Today is election day. Where, according to the Constitution, we “elect a President in peaceful succession and transition.” But in another November, in 1963, there was an unanticipated, very violent succession. Which reminded the nation again of a flaw overlooked by the Founding Fathers in the US Constitution. There was no provision for succession to the Vice Presidency in the event a President died in office. And other aspects of Presidential succession were not well defined, either.
After JFK’s assassination, Congress finally attempted to remedy these shortcomings by passing the 25th Amendment, which clearly laid out an orderly process of succession in the event of the death of the President, Vice President, etc. But, unfortunately, it still left a large loophole—rife with conflict of interest—when it comes to Presidents who become medically disabled.
In fairness to the legislators, the 25th Amendment anticipates that Congress would pass enabling legislation to establish an orderly process by which a President may be declared medically disabled. But no such legislation has ever been introduced, let alone passed.
And this is no theoretical concern. In fact, it may be a bigger concern than Presidential death itself. After all, half of our nation’s Presidents have experienced at least one disabling, potentially fatal illness during their terms in office.

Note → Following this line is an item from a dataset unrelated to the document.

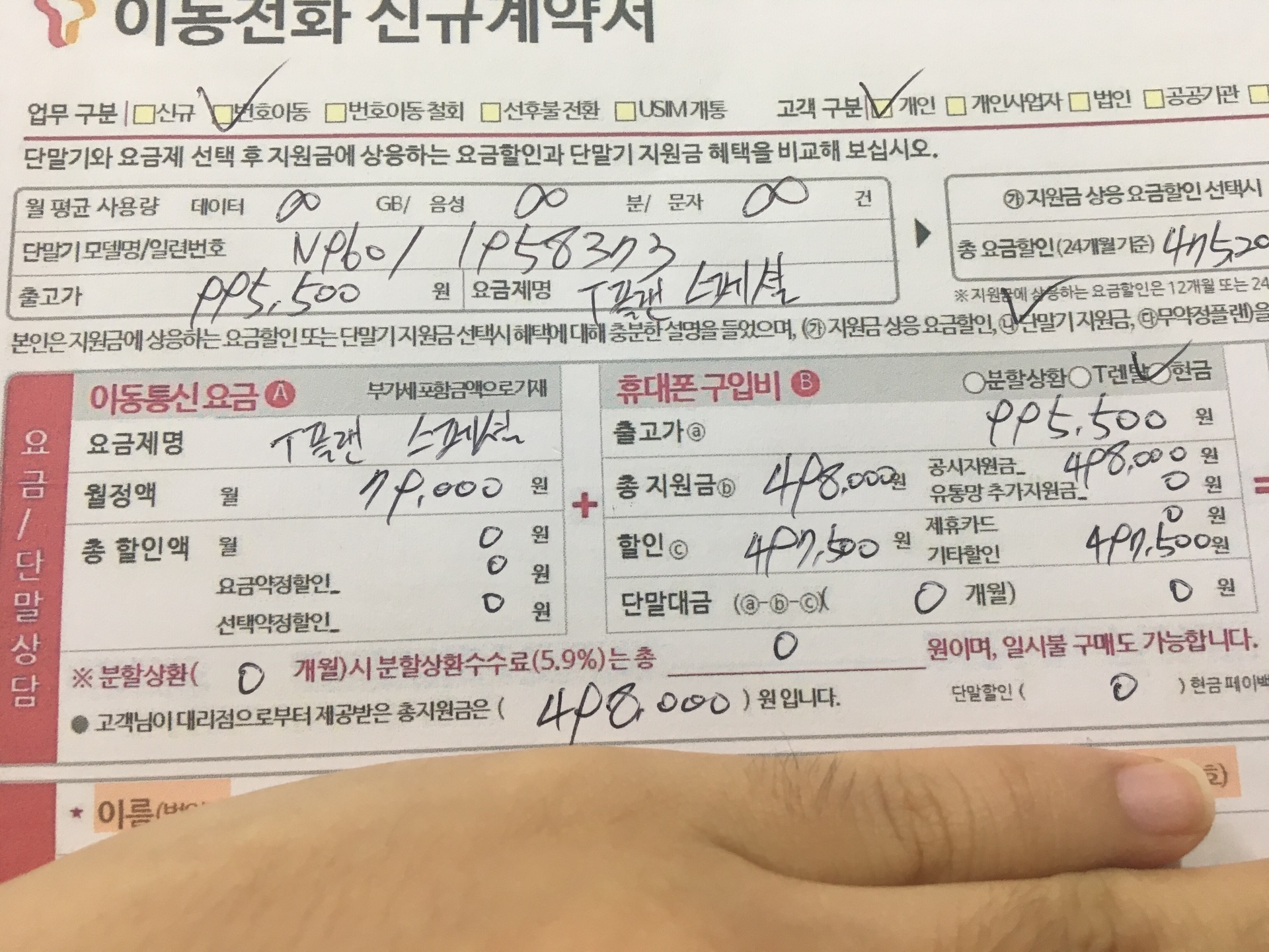 n960이면 노트9고 skt 79요금제 번이면 0원에 타셨겠네욯ㅎ

George Washington himself almost died from various infections three different times during his eight years, finally succumbing to an upper respiratory infection in December 1799 (barely more than two years after leaving office). Woodrow Wilson was totally medically disabled following a stroke. And for the last 18 months of his term in office, the country was led by an unconstitutional triumvirate of his second wife, his chief of staff, and his White House physician. Eisenhower nearly died in office three times. And there’s some speculation that Ronald Reagan may have begun suffering the effects of Alzheimer’s Disease during his final months in office.
And those are just a few examples of the many serious illnesses and disabilities that have afflicted our Commanders in Chief over the years.
Unfortunately the 25th Amendment also leaves the nation vulnerable to medical dissembling and cover-ups. And White House physicians—now provided by the military without any Constitutional basis—have been known to keep both their oaths of Hippocrates and their oaths of office (to protect and defend the Constitution) in their back pockets at times of true medical crisis.
Just during the 20th century, White House physicians have covered-up serious illnesses and disabilities of Presidents McKinley, Wilson, Harding, Roosevelt, Eisenhower, Kennedy, Johnson, Nixon, and Vice President Cheney.
Also during the 20th century a tradition emerged (that appears nowhere in the law) that the military medical corps provides free physician services to the President and to members of Congress. This potentially gives the military even more enormous influence over the President and Congress, and their families, especially during a Presidential illness, crisis, or disability.
Recognizing this history—and the potential threat it poses to the nation, while I was Executive Director of the College of Physicians in Philadelphia, I worked with the late Sen. Arlen Specter (R-PA) and Rep. Henry Hyde (R-IL) to draft recommendations and legislation that would enable the 25th Amendment to act in the event of medical disability in the President. The results were published in 2001 but Congress never acted on them.
So no matter what the outcome of today’s election is, we can only hope and pray that the nation does not fall victim to paralysis, or political malfeasance, in the event of a disabled President. Because a hope and a prayer will be all that we have.